With the e-discovery services market in the U.S. exploding–estimated to exceed $3 billion by 2018–with double digit revenue growth of approximately 15% based on Gartner’s 2014 Magic Quadrant for E-Discovery Software, many e-discovery vendors–anxious to maintain their revenues–will provide many arguments on why companies and their outside law firms should outsource their e-discovery. The problem is that most try to fit their solutions to their clients’ needs…not the other way around.
In reality, the decision on which e-discovery processes to keep in-house and which to outsource is a highly individualized one based on a number of factors. Our last blog evaluated the merits of e-discovery managed services models. Here, we provide high-level questions in-house and outside counsel should consider in deciding the optimal model to meet their needs:
All organizations should weigh the following factors:
1. Litigation profile: What does the organization’s caseload look like?
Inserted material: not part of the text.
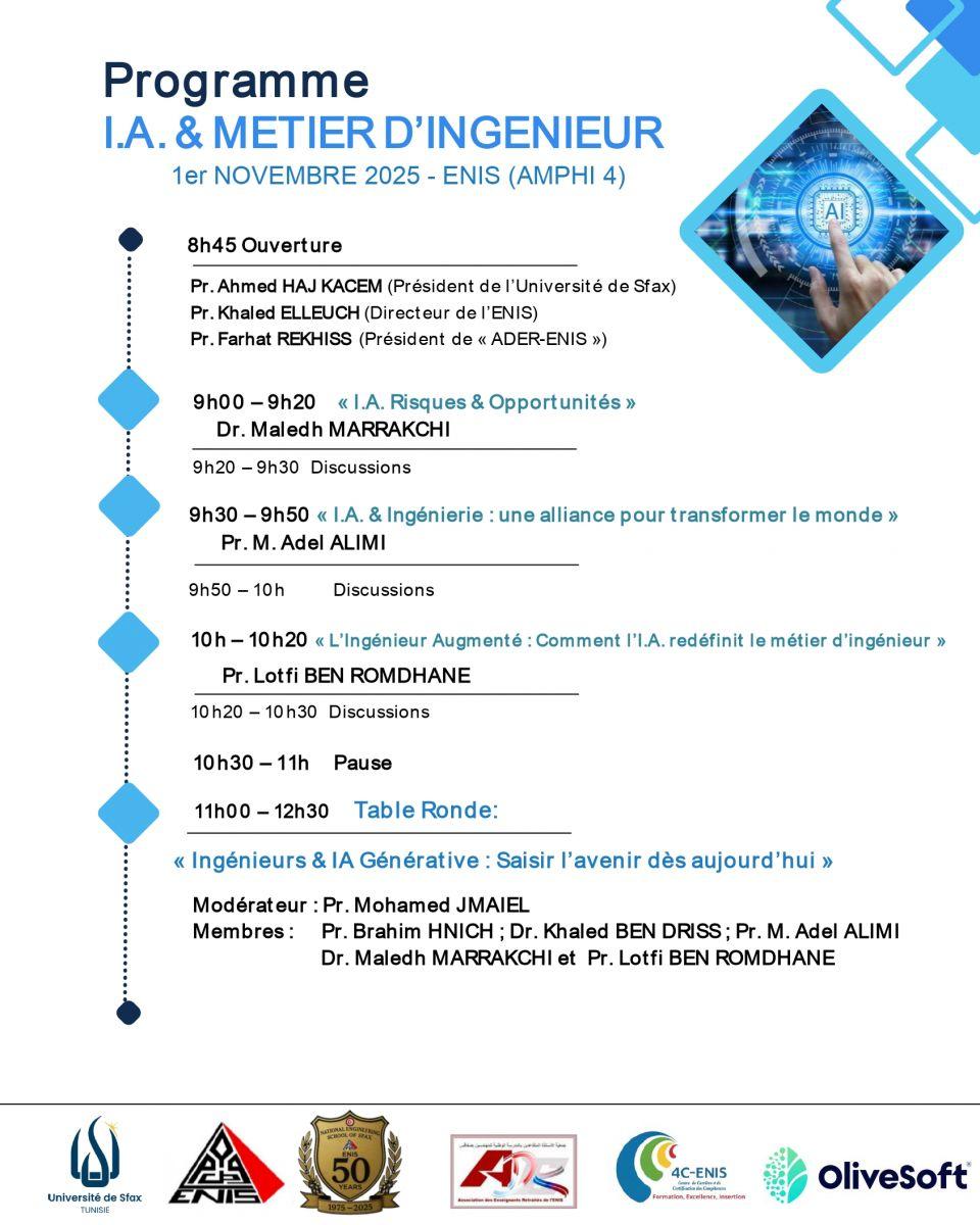 C’est dans ce sens, et à l’occasion du cinquantenaire de l’Etablissement Démo, que l’Association Des Enseignants Retraités de l’Etablissement Démo (ADER-Etablissement Démo) organise, le 1er novembre 2025, une matinée d’étude visant à mettre en exergue l’impact de l’intelligence artificielle sur le métier d’ingénieur et à dégager des recommandations pour son intégration efficace dans le processus de formation de nos futurs diplômés afin qu’ils puissent tirer parti de cette révolution et en relever les défis.

How many cases, and what types of cases, does the organization typically handle on a day-to-day basis? What are the organization’s expectations about its future caseload?
2. Budget: What is the organization’s budget? Can it afford to—and does it want to continue to—invest in e-discovery infrastructure, including hardware, software, and personnel?
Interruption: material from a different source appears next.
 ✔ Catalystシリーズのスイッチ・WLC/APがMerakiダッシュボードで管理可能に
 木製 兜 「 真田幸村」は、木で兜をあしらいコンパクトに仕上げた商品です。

3. Resources: What are the organization’s current resources and expertise regarding discovery? How sophisticated is the organization’s IT staff?
4. IT strategy: What is the organization’s IT architecture strategy? Does the organization support cloud computing and outsourcing? What about data center consolidation?
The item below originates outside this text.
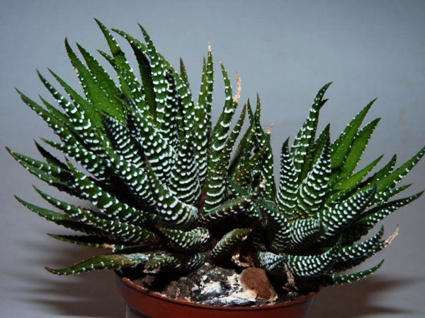 В домашних условиях для ухода за хавортией лучший горшок – пластмассовый круглый. В квадратных корни изгибаются и гниют.
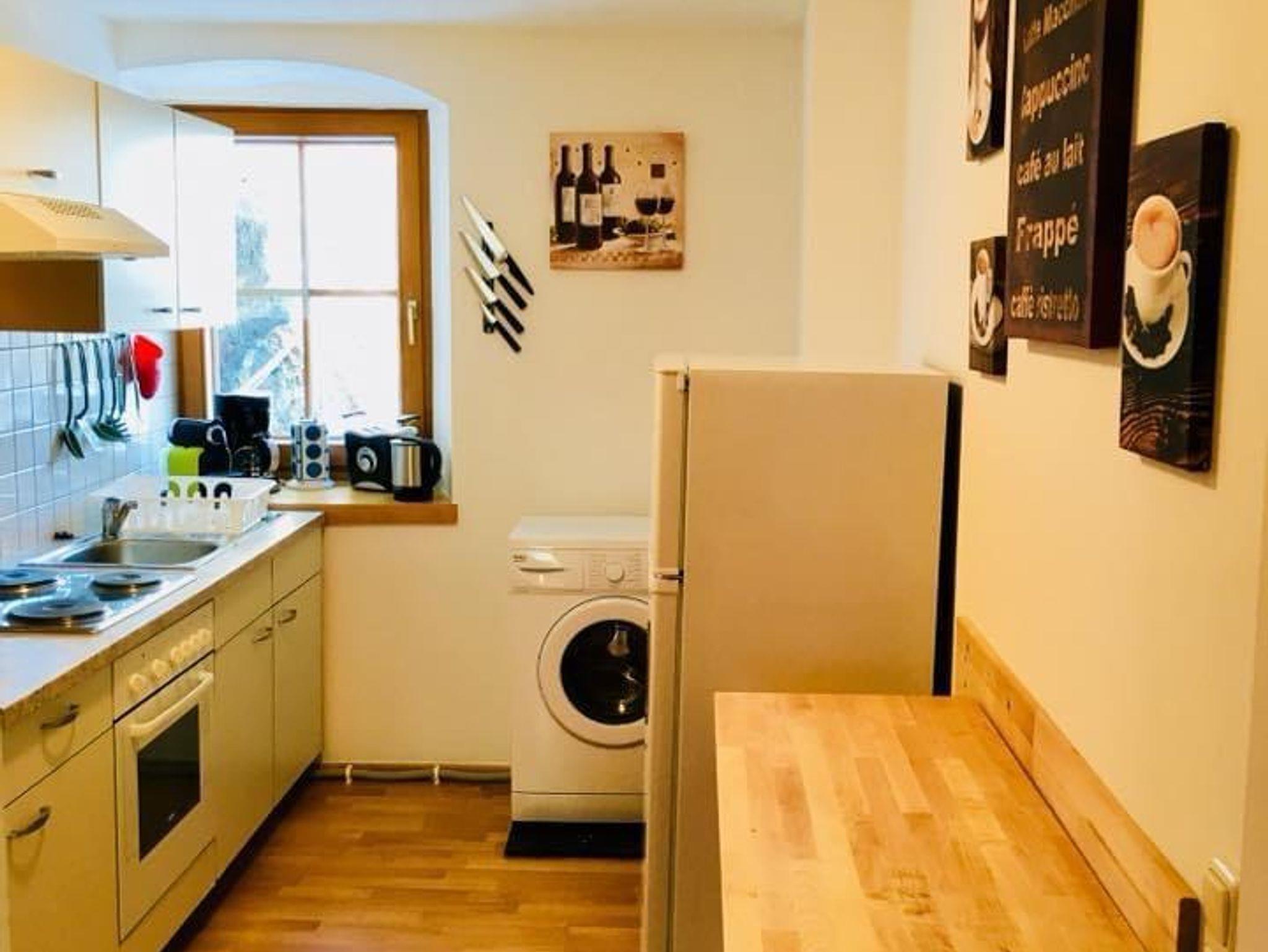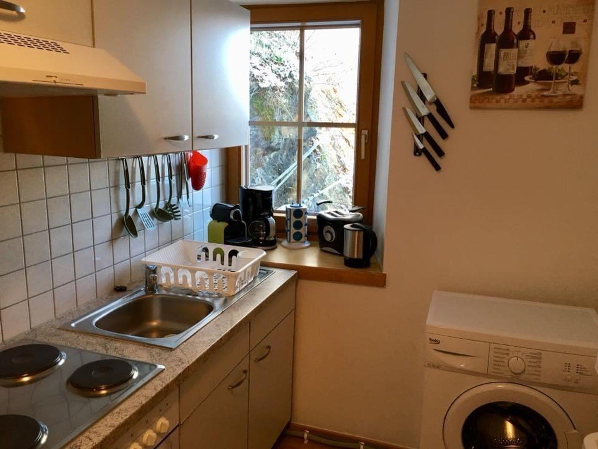 ? Voll ausgestattete Küche (Elektroherd, Backofen, Kühlschrank, Mikrowellenherd, Wasserkocher, Kaffeemaschine, Toaster, Geschirr)

5. Data store: Where is the organization’s data stored? Is it behind a firewall? Is it centralized, or is it stored in multiple locations, and if so, are those locations domestic, international, or both?
6. Security: Does the organization have the ability to protect its data? Does it have specific concerns about security?
7. Culture: How risk-averse is the organization’s leadership?
In-house counsel should balance these factors against additional considerations, including:
1. What kind of cost predictability and management does each approach achieve? Which is most aligned with the company’s needs?
2. What level of control over e-discover processes is desired?
3. What gaps exist in technology and resources, and how will particular approaches most effectively address those gaps?
Outside counsel should undertake a slightly different analysis, focused primarily on their business model. Some of the pertinent considerations include the following:
1. Do clients expect the law firm to offer comprehensive e-discovery services?
2. Are e-discovery services a core offering beyond e-discovery law? Can these services become a profit center for the law firm, or should the firm simply offer oversight over the discovery process?
3. How do various approaches impact profits per partner?
4. Do the law firm’s competitors offer similar services? If so, can the law firm compete without offering these services?
5. How much risk is the firm willing to assume?
6. Which model(s) will provide cost predictability and savings their corporate clients are increasingly demanding?